##### RECORDED DATA
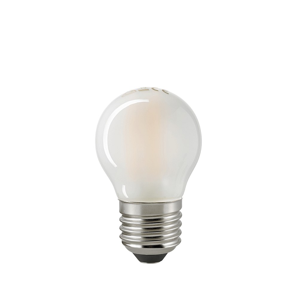 LED Filamentlampe KUGEL, 230V, Ø 4.5cm / L 7.8cm, E27, 4.5W 2700K 470lm 300°, dimmbar, matt
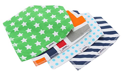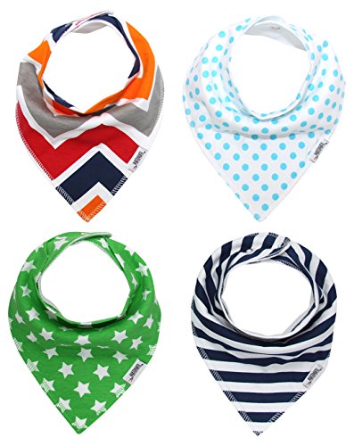 • CUTE & COMFORTABLE BABY BANDANA BIBS - Modern set of 4 trendy unisex bibs. Neutral patterns look great on both boys and girls. Ultra comfortable design with baby in mind. Your baby will be drooling in style!
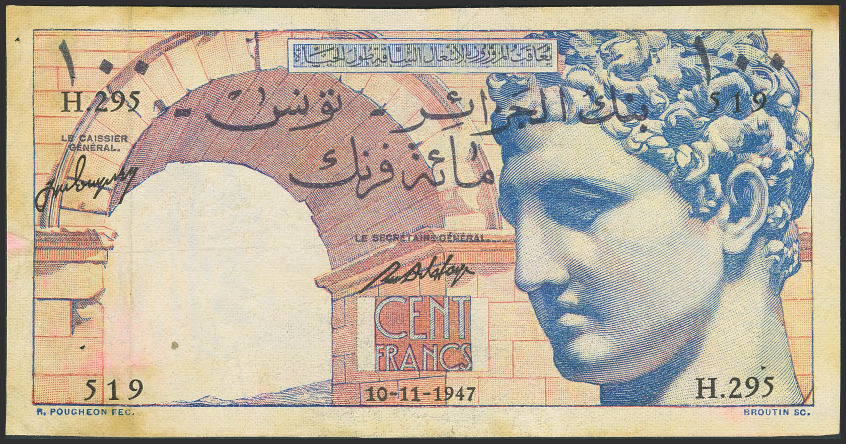 TUNISIA. 100 Francs. 10 November 1947. Banque de l'Algerie. Tunisie. (Pick: 24). Pinholes. Very Fine.
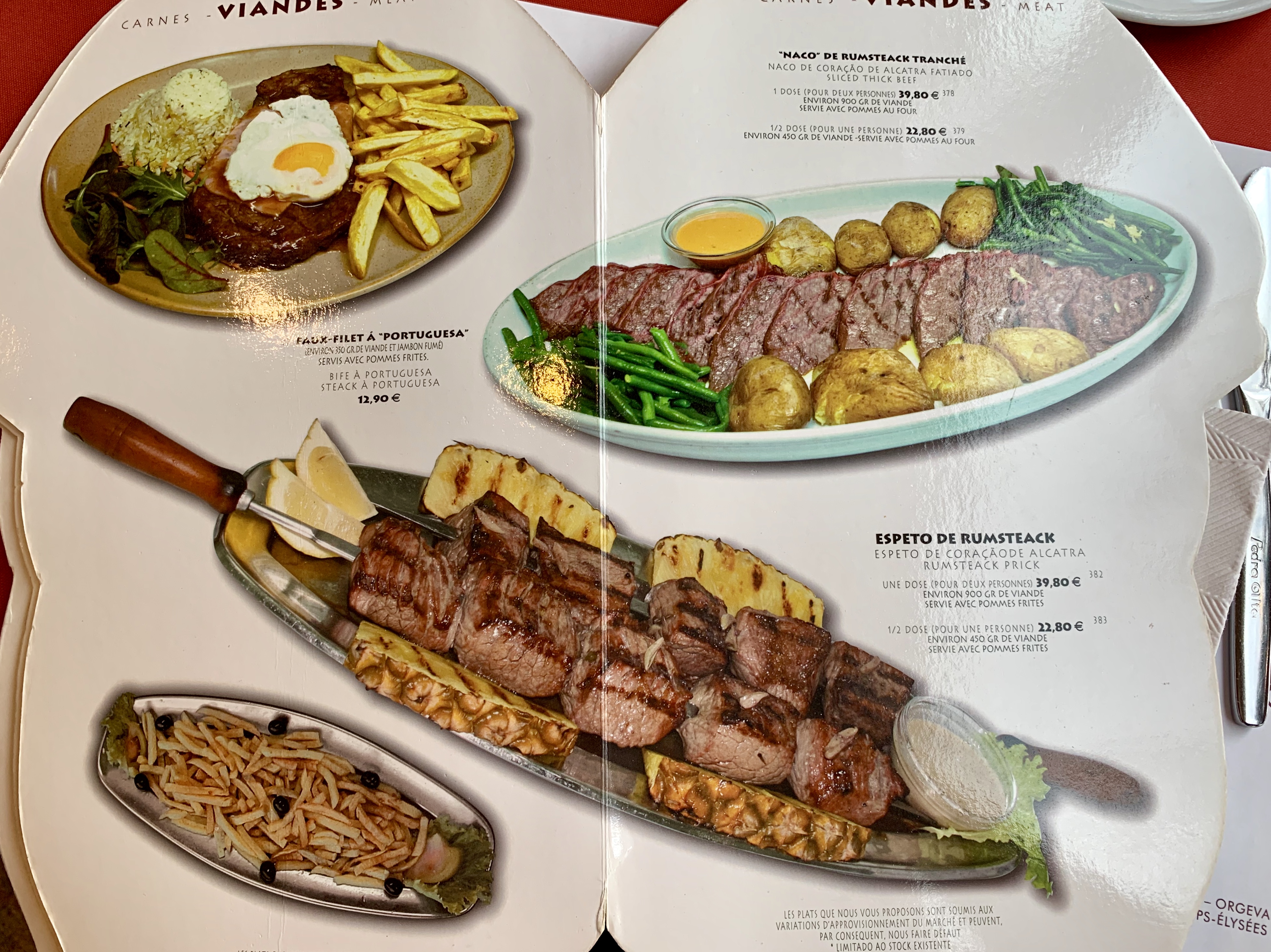 Specialites portugaises dans ce restaurant on on fait ripaille. Les plats comme les desserts sont servis en grande quantite Privilegiez les poissons ou les fruits de mer dont ce restaurant est specialiste. Piur les viandes Mettez s y le prix pour une viande tendre et savoureuse Tres bon rapport qualite prix Tres bon service. Il y a beaucoup d affluence et vous risquez de faire la queue a l entree 4 etoiles et demi pour moi
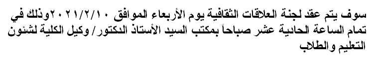 اجتماع لجنة العلاقات الثقافية Read more about اجتماع لجنة العلاقات الثقافية اجتماع لجنة العلاقات الثقافية تصنيف الخبر Alumni 4 فبراير 2021
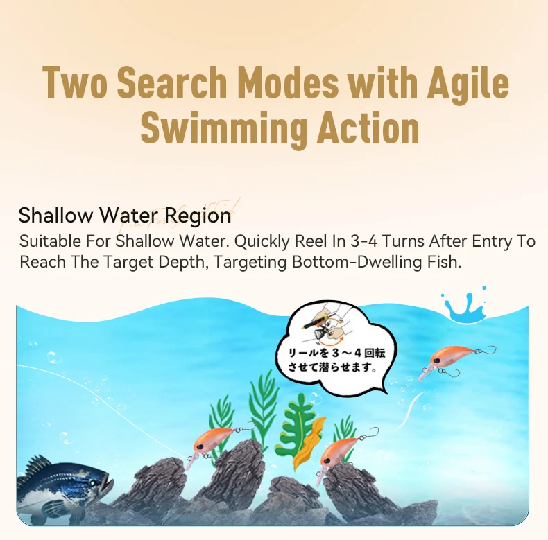 - Los modelos de buceo poco profundo (3-5 pies) son comunes para los pececillos con manivela pequeña, lo que los hace adecuados para la pesca cercana a la superficie.
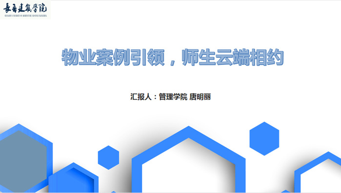3月30日,线上教学经验分享交流第一场活动由管理学院房地产开发与管理教研室唐明丽老师的题为“物业案例引领,师生云端相约”拉开帷幕。唐教师在课堂教学中,通过有针对性的选择典型案例,引导学生从专业的角度分析问题、解决问题,在云端课堂进行讨论分享,使课程更贴合现实,提高学生的参与度和主动性。课堂上共同观看抗疫纪录片《物业英雄》,增长防疫知识,坚定抗疫信心,增强家国情怀,使学生在学习专业知识的同时,道德品质也得到升华,将立德树人落到实处。
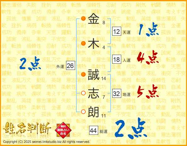 金(8画)木(4画) 誠(14画)志(7画)朗(11画)
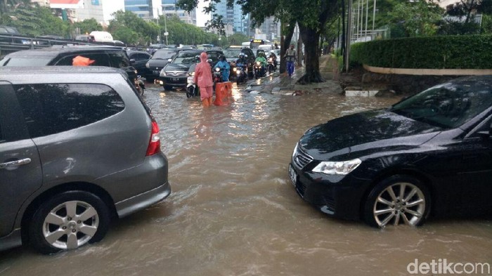 Genangan di dekat Balai Kartini, Kuningan, Jaksel, Selasa (12/12/2017) Foto: Seysha Desnikia-detikcom
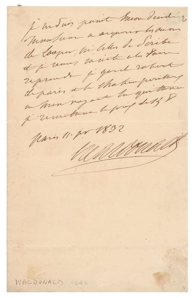 ALS in French, signed "Macdonald," one page, 4.75 x 7.5, January 11, 1832. Untranslated handwritten letter sent from Paris. In fine condition.
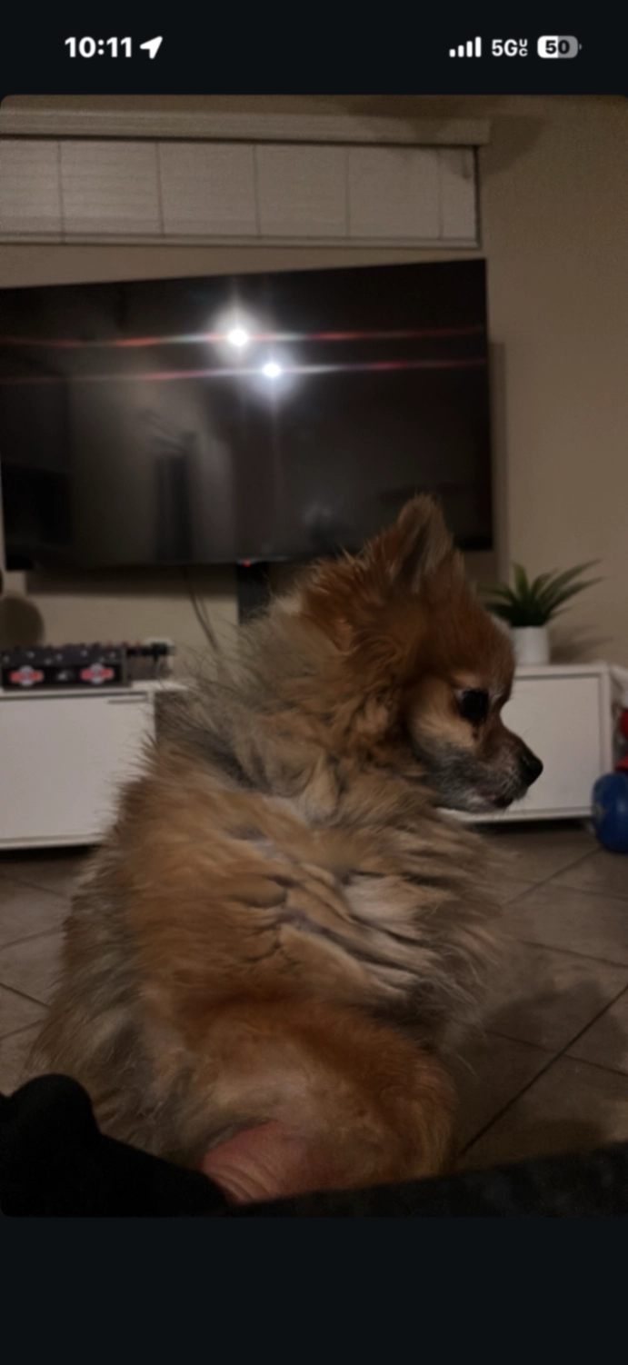 He is a tan and white corgi. He’s 12 and barks a lot at people. He doesn’t have a collar
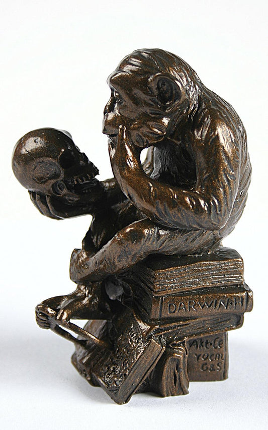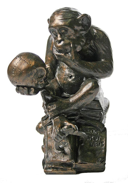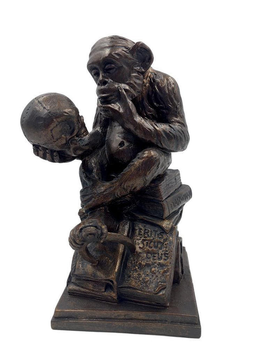 Pocket Art Rheinhold Monkey with Skull Philosophizing Miniature Statue 3.6H
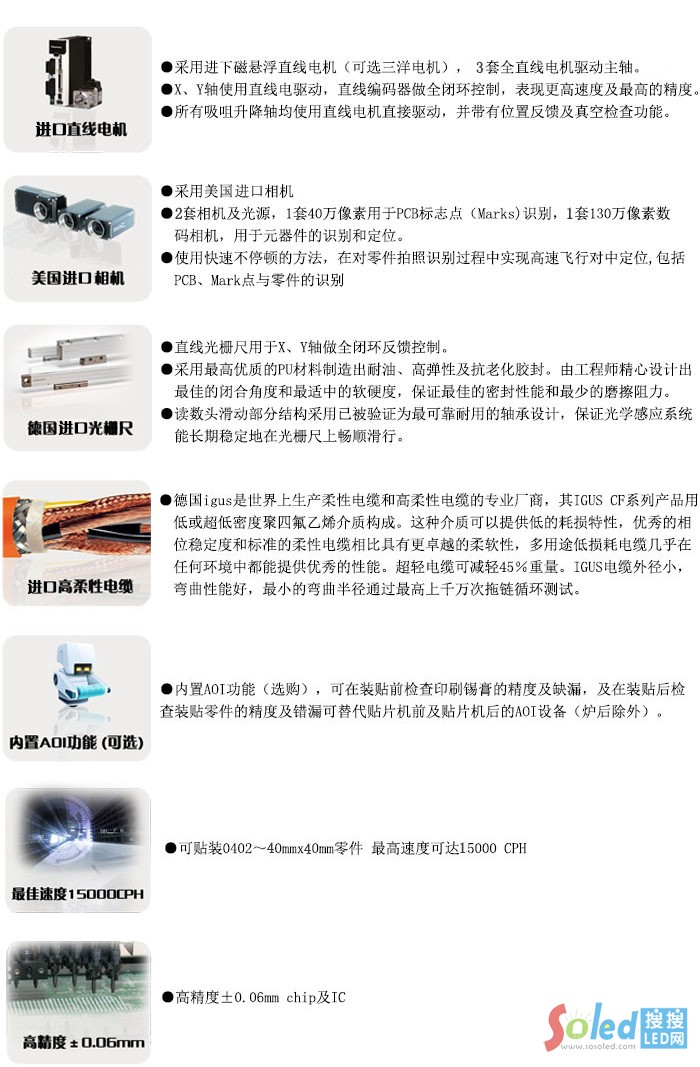 ● 滿足國內電子廠、SMT加工廠、LED應用廠商,LED燈具廠商貼裝LED3528,5050,3014 , 0402,0603、0805、1206、1210,1W大功率,3W大功率,IC等器件、封裝器件二級管、三極管等,有效的提高了貼裝的精度和效率,節(jié)省大量人工成本。
##########
*WHAT YOU NEED TO DO*
Pictures are to be left out; the lines from the start of the records above through the line holding "金(8画)木(4画) 誠(14画)志(7画)朗(11画)" are to be returned exactly.

*ANSWER AREA*
 LED Filamentlampe KUGEL, 230V, Ø 4.5cm / L 7.8cm, E27, 4.5W 2700K 470lm 300°, dimmbar, matt
 • CUTE & COMFORTABLE BABY BANDANA BIBS - Modern set of 4 trendy unisex bibs. Neutral patterns look great on both boys and girls. Ultra comfortable design with baby in mind. Your baby will be drooling in style!
 TUNISIA. 100 Francs. 10 November 1947. Banque de l'Algerie. Tunisie. (Pick: 24). Pinholes. Very Fine.
 Specialites portugaises dans ce restaurant on on fait ripaille. Les plats comme les desserts sont servis en grande quantite Privilegiez les poissons ou les fruits de mer dont ce restaurant est specialiste. Piur les viandes Mettez s y le prix pour une viande tendre et savoureuse Tres bon rapport qualite prix Tres bon service. Il y a beaucoup d affluence et vous risquez de faire la queue a l entree 4 etoiles et demi pour moi
 اجتماع لجنة العلاقات الثقافية Read more about اجتماع لجنة العلاقات الثقافية اجتماع لجنة العلاقات الثقافية تصنيف الخبر Alumni 4 فبراير 2021
 - Los modelos de buceo poco profundo (3-5 pies) son comunes para los pececillos con manivela pequeña, lo que los hace adecuados para la pesca cercana a la superficie.
3月30日,线上教学经验分享交流第一场活动由管理学院房地产开发与管理教研室唐明丽老师的题为“物业案例引领,师生云端相约”拉开帷幕。唐教师在课堂教学中,通过有针对性的选择典型案例,引导学生从专业的角度分析问题、解决问题,在云端课堂进行讨论分享,使课程更贴合现实,提高学生的参与度和主动性。课堂上共同观看抗疫纪录片《物业英雄》,增长防疫知识,坚定抗疫信心,增强家国情怀,使学生在学习专业知识的同时,道德品质也得到升华,将立德树人落到实处。
 金(8画)木(4画) 誠(14画)志(7画)朗(11画)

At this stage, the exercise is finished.